After applying Temperature scaling and Top-p filtering, we need to renormalize the probabilities to ensure they sum to 1. That is done by calculating the total sum of all probabilities and divide each probability by that value.
It will look something like this.
def print_temperature_top_p(logprobs, temperature=1.0, top_p=1.0):
temperature_probs = {}
# 1. Convert logprobs to probabilities and apply Temperature scaling
for obj in logprobs:
temperature_probs[obj.token] = math.exp(obj.logprob / temperature)
# 2. Normalize probabilities after Temperature scaling
total_prob = sum(temperature_probs.values())
temperature_probs = {k: v / total_prob for k, v in temperature_probs.items()}
# 3. Apply Top-p (nucleus) filtering
cumulative_prob = 0
top_p_filtered_probs = {}
for token, prob in temperature_probs.items():
if cumulative_prob <= top_p:
top_p_filtered_probs[token] = prob
else:
break
cumulative_prob += prob
# 4. Normalize probabilities of the tokens that passed the Top-p filter
total_prob = sum(top_p_filtered_probs.values())
top_p_filtered_probs = {k: v / total_prob for k, v in top_p_filtered_probs.items()}
# 5. Print the results
print(
"Token | Original Probability | After Temperature | Top-p Filtered Probability"
)
for obj in logprobs:
original_prob = math.exp(obj.logprob)
temp_prob = temperature_probs.get(obj.token, 0)
final_prob = top_p_filtered_probs.get(obj.token, 0)
print(
f"{obj.token:<20} | {original_prob:.4f} | {temp_prob:.4f} | {final_prob:.4f}"
)
You can use this function with the content.top_logprobs
obtained from the previous code example, like this:
print_temperature_top_p(content.top_logprobs, temperature=0.2, top_p=0.5)
print_temperature_top_p(content.top_logprobs, temperature=1.5, top_p=0.95)
One output for temperature=0.2 and top_p=0.5 is shown below:
Token | Probability | After Temperature | Cumulative P | Top-p Status | Final P |
---|---|---|---|---|---|
lazy | 0.92566 | 1.00000 | 1.00000 | ✓ | 1.00000 |
The | 0.05918 | 0.00000 | 1.00000 | × | 0.00000 |
Sorry | 0.00801 | 0.00000 | 1.00000 | × | 0.00000 |
I’m | 0.00179 | 0.00000 | 1.00000 | × | 0.00000 |
Lazy | 0.00084 | 0.00000 | 1.00000 | × | 0.00000 |
l | 0.00066 | 0.00000 | 1.00000 | × | 0.00000 |
the | 0.00040 | 0.00000 | 1.00000 | × | 0.00000 |
I | 0.00031 | 0.00000 | 1.00000 | × | 0.00000 |
… | 0.00031 | 0.00000 | 1.00000 | × | 0.00000 |
What | 0.00031 | 0.00000 | 1.00000 | × | 0.00000 |
As expected, with a low Temperature and Top-p, the model becomes highly deterministic, assigning virtually all probability mass to the ’lazy’ token.

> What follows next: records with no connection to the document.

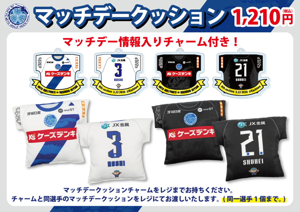 3月22日(日)三協フロンテア柏スタジアムで開催される明治安田J1百年構想リーグ第8節柏レイソル戦にて水戸ホーリーホックオフィシャルグッズの出張販売を行うことが決定いたしましたので、下記のとおりお知らせいたします。「マッチデーボンフィン」「マッチデーワイヤーリングキーホルダー」「マッチデークッション」をはじめ、「【ブラインド】ラバーコースターキーホルダー(2nd)」、タオルマフラー各種含め販売いたします。グッズ売店へのご来店お待ちしております!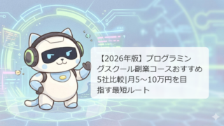 プログラミングスクール 【2026年版】プログラミングスクール副業コースおすすめ5社比較|月5〜10万円を目指す最短ルート ナビ助副業でプログラミングを始めるなら、正直「スキル」よりも「最初の案件をどう取るか」が一番の壁なんだよね。ねころぼが副業に最適なスクールを厳選したから、参考にしてほしいな!結論:副業で月5〜10万円を目指すなら、案件紹介つきのスクールを選... 2026.04.15 プログラミングスクール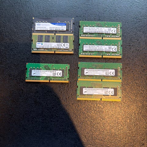 RAM SODIMM minnebrikker for bærbar PC. Standard DDR-minne i SODIMM‑format, egnet for bruk i kompatible bærbare datamaskiner eller små formfaktor‑systemer som støtter denne typen minne. Passer som oppgradering eller erstatning der tilsvarende SODIMM‑moduler brukes. Nøyaktig kapasitet og hastighet bør kontrolleres mot merking på brikkene eller tekniske spesifikasjoner før bruk.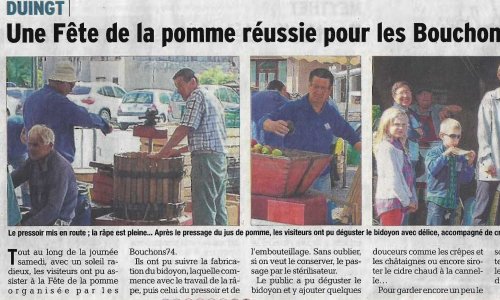 Article du Dauphiné Libéré en date du : 06/10/2014 : DUINGT, une fête de la pomme réussie pour les Bouchons 74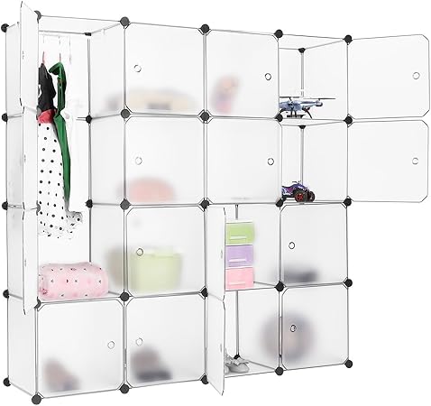 Langria Armoire Penderie 16 Cubes Modulable Etageres Plastique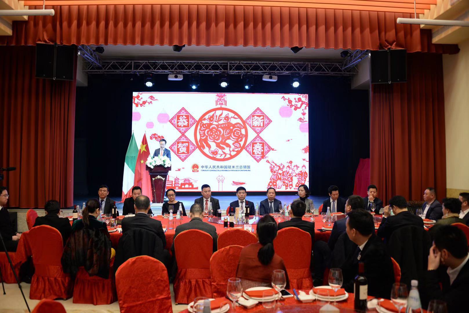 宋雪峰总领事在致辞中表示,展望2019年,我们将迎来新中国70周年华诞,这是中华民族伟大复兴进程中的重要节点,是全面建成小康社会的关键之年。习主席指出 “2019年,有机遇也有挑战,大家还要一起拼搏、一起奋斗”。宋雪峰总领事希望大家在新的一年里携手前行,开拓进取,为实现中华民族伟大复兴,为中意两国友好合作再立新功。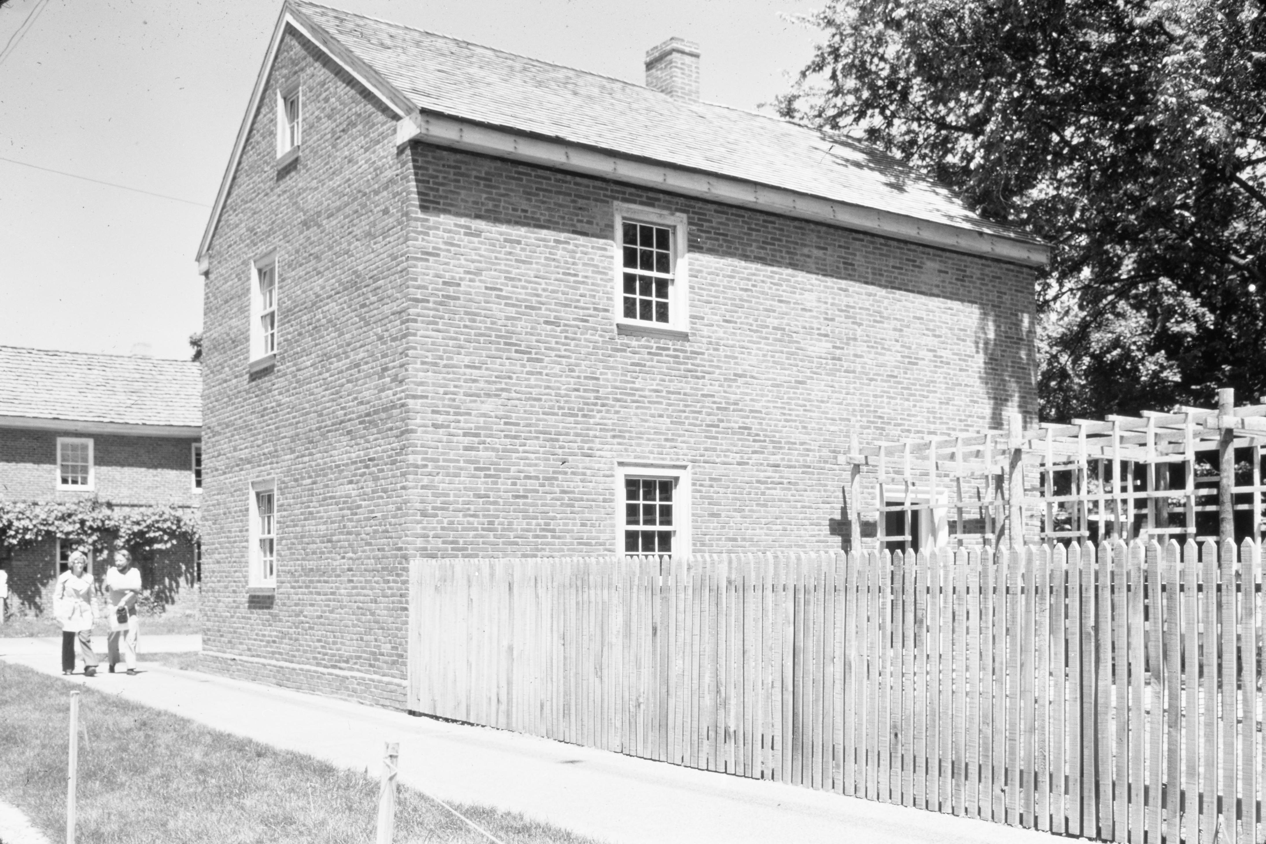 Transparencies and Negatives Collection: Historic photographs. This is a photo of the Wolf House, after it was relocated to the new plat on the southeast corner of Granary and Brewery Streets.

And for temperature=1.5 and top_p=0.95:
Token | Probability | After Temperature | Cumulative P | Top-p Status | Final P |
---|---|---|---|---|---|
lazy | 0.92566 | 0.79676 | 0.79676 | ✓ | 0.83193 |
The | 0.05918 | 0.12739 | 0.92415 | ✓ | 0.13301 |
Sorry | 0.00801 | 0.03358 | 0.95773 | ✓ | 0.03506 |
I’m | 0.00179 | 0.01235 | 0.97008 | × | 0.00000 |
Lazy | 0.00084 | 0.00749 | 0.97757 | × | 0.00000 |
l | 0.00066 | 0.00634 | 0.98392 | × | 0.00000 |
the | 0.00040 | 0.00454 | 0.98846 | × | 0.00000 |
I | 0.00031 | 0.00385 | 0.99231 | × | 0.00000 |
… | 0.00031 | 0.00385 | 0.99615 | × | 0.00000 |
What | 0.00031 | 0.00385 | 1.00000 | × | 0.00000 |
With a higher Temperature and Top-p, the probability distribution becomes more diffuse, allowing for more diverse token selection.
Jupyter Notebook #
For further exploration, I’ve created a Jupyter Notebook that provides a starting point for experimenting with Temperature, Top-p, and OpenAI’s log probabilities. It includes the code examples used in this article.